Tea Time | Mihika Juneja
Afternoon tea is a timeless and classic ritual, consisting of the robust drink, along with fancy trays full of decadent sides. Given the aesthetic appeal of it all, many luxury hotels recreate the feasting experience for tourists as they reap the benefits. The custom is typically associated with the British, perhaps related to the British East India Company’s monopoly on the tea industry many years ago. However, how did the association of the British with tea lead to the idea of afternoon tea?
According to Historic UK, the concept was courtesy of the seventh Duchess of Bedford, Anna, in 1840. Like many of us today, the Duchess would find herself hungry between the hours of lunch and dinner. Now naturally, we turn to any morsel we can find, but the life of the Duchess was peculiar. In the 19th century, royalty in any hierarchical position were treated exquisitely. Keeping this in mind, it only makes sense that she enjoyed the finest of snacks, all per her request. Specifically, she demanded a tray of tea, the classic bread and butter which later got upgraded to a sandwich, and cake. The snack was substantial to keep her satisfied, and she took part in this snacking ritual under certain conditions. The Duchess would invite her friends to revel in the calming moment of their day.
Imagining the scene, you may picture it as women, dressed in fancy clothing and silk gloves all seated in a garden sipping tea from fine porcelain cups, pinkies in the air. By the 1800’s, this was the picture of afternoon tea. Soon enough, the bourgeoisie and higher were spending an hour of each day relishing in the very drink that fueled the economy of the British Empire. The common reason for afternoon tea was associated with the desire for a gathering, food, and an afternoon pick-me-up.
In order to engage in this afternoon indulgence in a similar way, there aren’t many rules.
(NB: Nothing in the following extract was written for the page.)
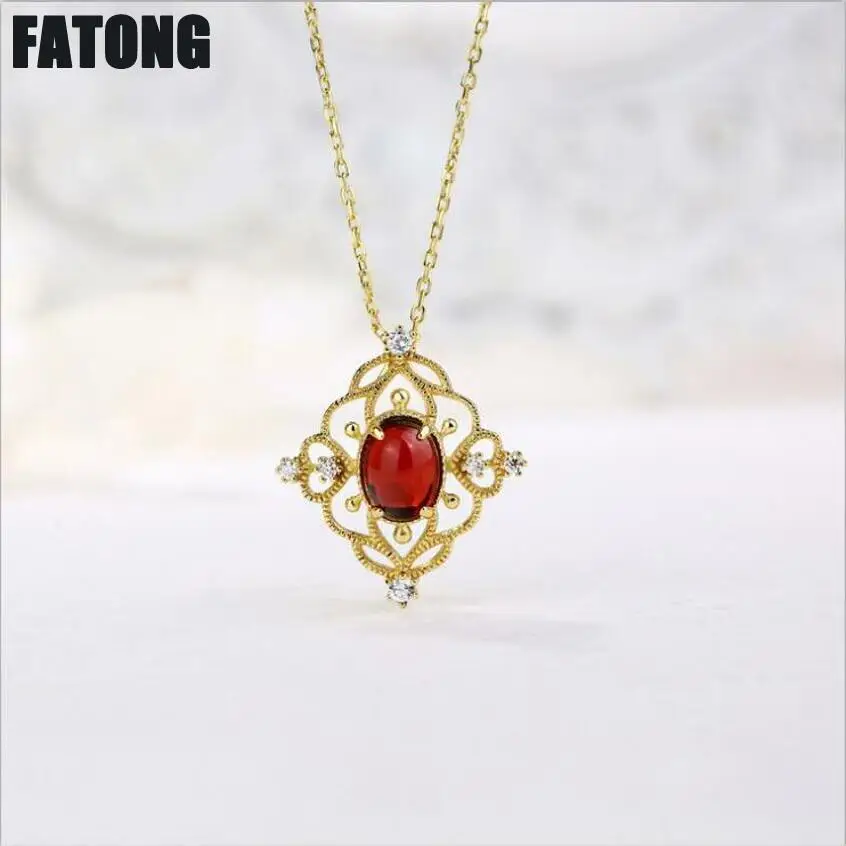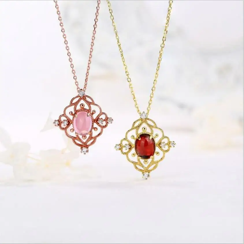 925 sterling silver classical style garnet rose quartz necklace female retro beautiful wild J0241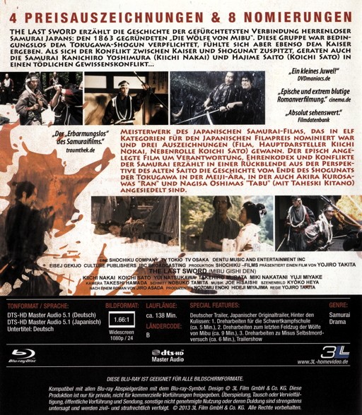 The Last Sword erzählt in epischen Bildern die Geschichte der gefürchtesten Verbindung herrenloser Samurai Japans: den 1863 gegründeten "Shinzengummi, die im Volksmund auch "Die Wölfe von Mibu" genannt wurden. Diese Gruppe war bedingungslos dem Tokugawa-Shogun verpflichtet, fühlte sich aber ebenso dem Kaiser ergeben. Als der Konflikt zwischen Kaiser und Shogunat prekärer wird, geraten auch die Samurai Kainchiro Yoshimura und Hajime Saito in den Strudel der Ereignisse...

Nonetheless, the historical way of afternoon tea may feel every bit more special. The afternoon tea menu, should you wish to recreate, consists of light finger sandwiches, and various pastries, like scones and petit fours. The polished look of these treats alone are enough to brighten anyone’s day, but the tea selection is crucial as well. To offset the sweetness of the baked delicacies, the most common of the tea selection is a silky Earl Grey, which is key to the afternoon caffeine dose as well. Another common is English Breakfast. A trend is seen amongst the teas: the proper afternoon tea is rich, bitter, and flavorful, perhaps paralleling conversations of the time.
Where are these teas imported from, is a thought to consider for further information. Adding to the deep history of afternoon tea, and similar to times of the British East India Company, it is found that these teas are grown in India and Ceylon, poured into the daintiest of cups.
Through viewing the quality and meticulous aspects of this ritual, it is clear that “afternoon tea time” serves not only as a way of appreciating the elegant days of the royal woman, but also as an ode to the history of the British Empire.